Jay Jackson, aka Laganja Estranja, is a world-renowned LGBTQ+ female illusionist, music artist, choreographer, and cannabis advocate. Image source: Forbes

In an interview with Brooke Burgstahler on the Budding Mind podcast, activist and performer (RuPaul’s Drag Race, season 6) Laganga Estranga says “In the 1960s, “stoner culture” was all about one love. It didn’t matter if you were black or white, gay or straight. Everyone was equal. Cannabis is compassion. That’s exactly why it was called: The Compassionate Use Act, otherwise known as Proposition 215.” 

Jay Jackson, aka Laganja Estranja, is a world-renowned LGBTQ+ female illusionist, music artist, choreographer, and cannabis advocate.

Listen to Laganga Estranga on Budding Mind podcast

Memorial of John Mangano, PWA Coalition News, November 1991

Representation of the LGBTQ+ community in the cannabis industry and the workplace

Freedom of expression is complex. But looking at it from the human resources lens… as our business cultures strive to be inclusive, full self-expression should be respected, encouraged, and praised, for the betterment of everyone.

When people can show up as themselves, 100% of the time, they bring more confidence, creativity, value, and innovation to both their careers and everyday lives. 

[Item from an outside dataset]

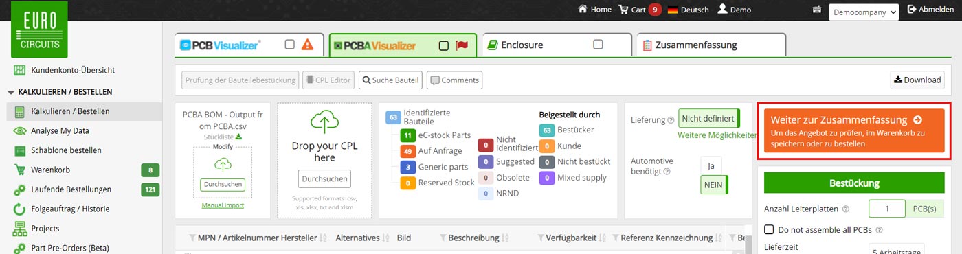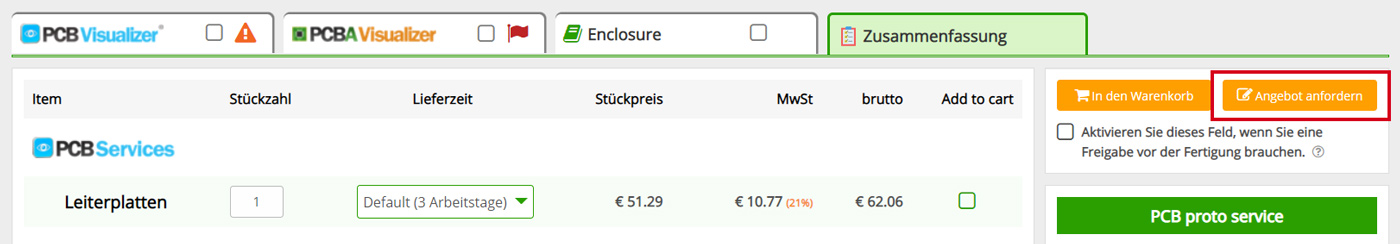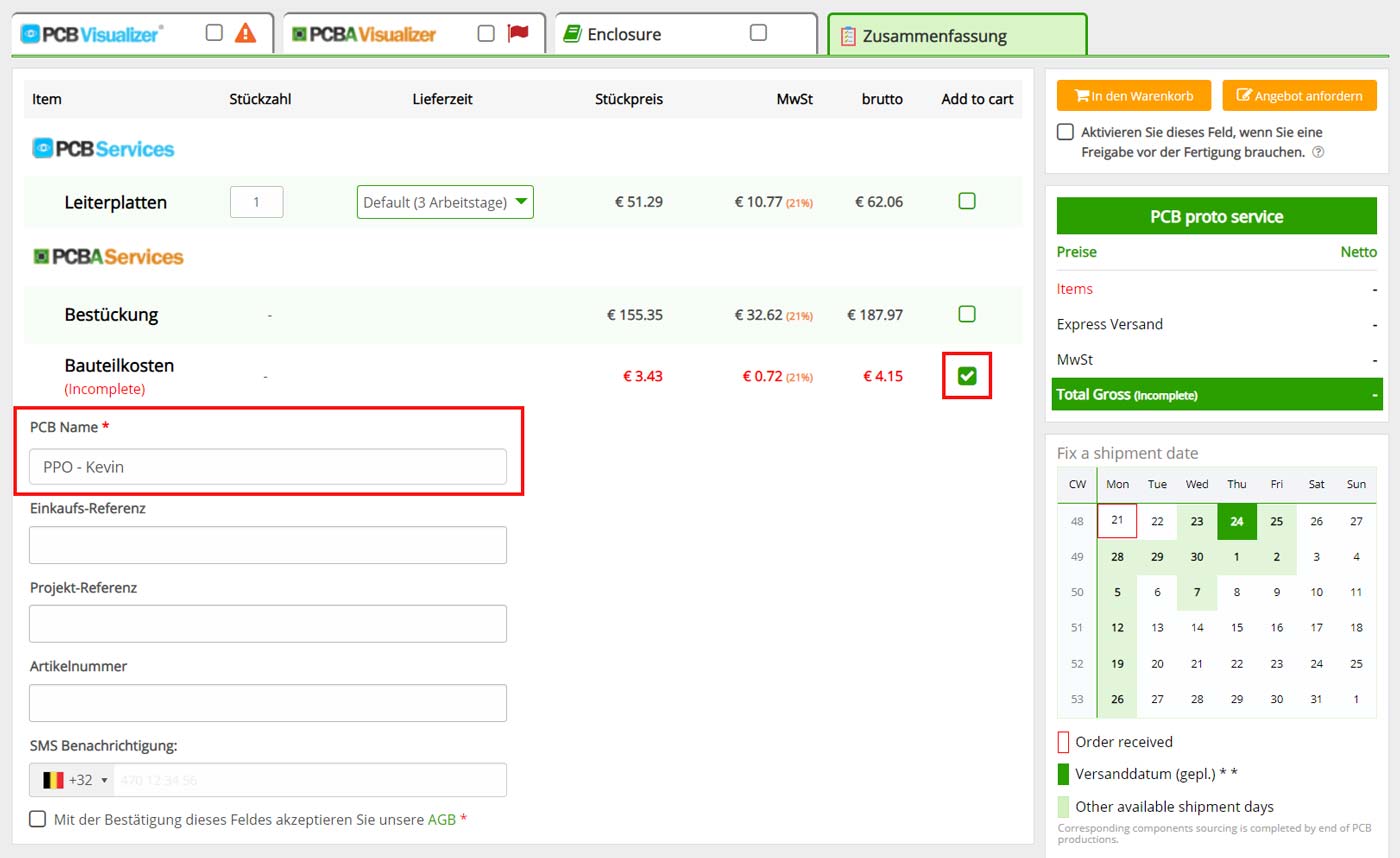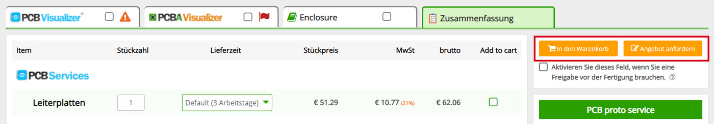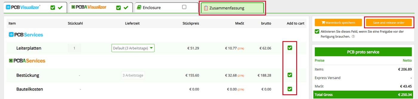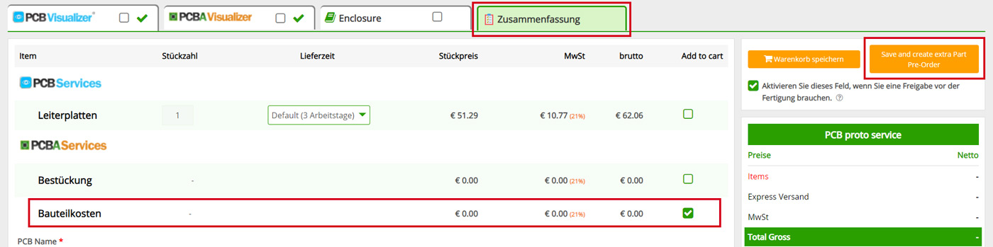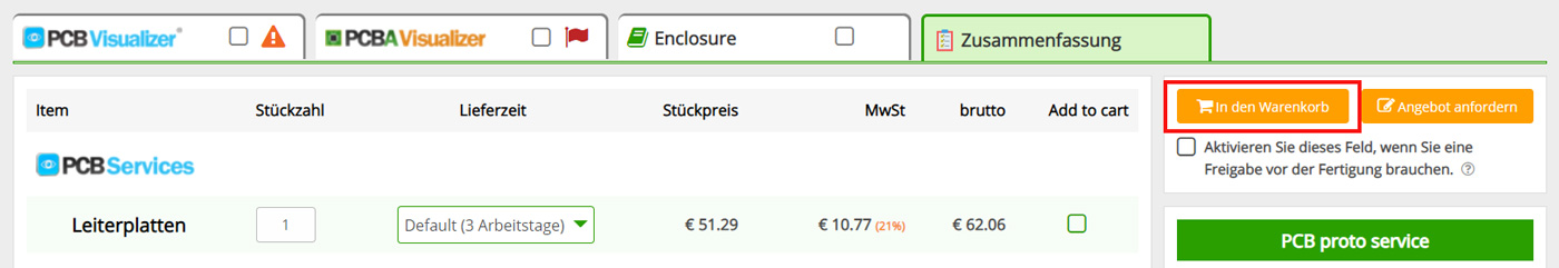 Klicken Sie auf die Registerkarte Zusammenfassung und vergewissern Sie sich, dass das Häkchen für die Zeile Leiterplatte, Bestückung und Bauteile in der Spalte zum Warenkorb hinzufügen gesetzt ist.

“Being able to be out, proud, AND supported on my first day at 3Fifteen Cannabis has been freeing and completely transformative for me. I didn’t realize how much hiding a big part of who I am was hindering my creativity, confidence, and even the ability to do my job. I’m able to focus on my work and give valuable feedback that comes from years of experience in both my professional and personal life. I actually look forward to going to work knowing that I can be who I am 100% of the time. I feel both valued and welcomed in my role, and each part of me is respected by my employer. 

3Fifteen Cannabis isn’t just an ally to the LGBT community, there are many people just like me who work here and are thriving in leadership positions and at the store level. It’s woven into who we are as a brand.” 

– CJ Huguelet, Social Media Manager at 3Fifteen Cannabis, FlowerHire partner.

The FlowerHire team asks you to welcome and embrace individuality. Not only is it the right thing to do, but it’s the smart thing to do. The people on your team are your best asset. And people perform the best when you support their full self-expression.

Reach out to a FlowerHire recruiter for cannabis job placements or to find employees for your cannabis business.

 

 

 

 

 

 

 

 

 

How can LGBTQ+ and cannabis continue making positive changes?

Author and professor Wendy Chapkis offers a clear answer. “Reparative and restorative justice. Our legacy must be to push society – including state legalization policies – to right history’s wrongs.” 

Learning about – and having conversations about the history of cannabis helps strengthen the foundation of the advocacy work that legacy LGBTQ+ industry-changers started.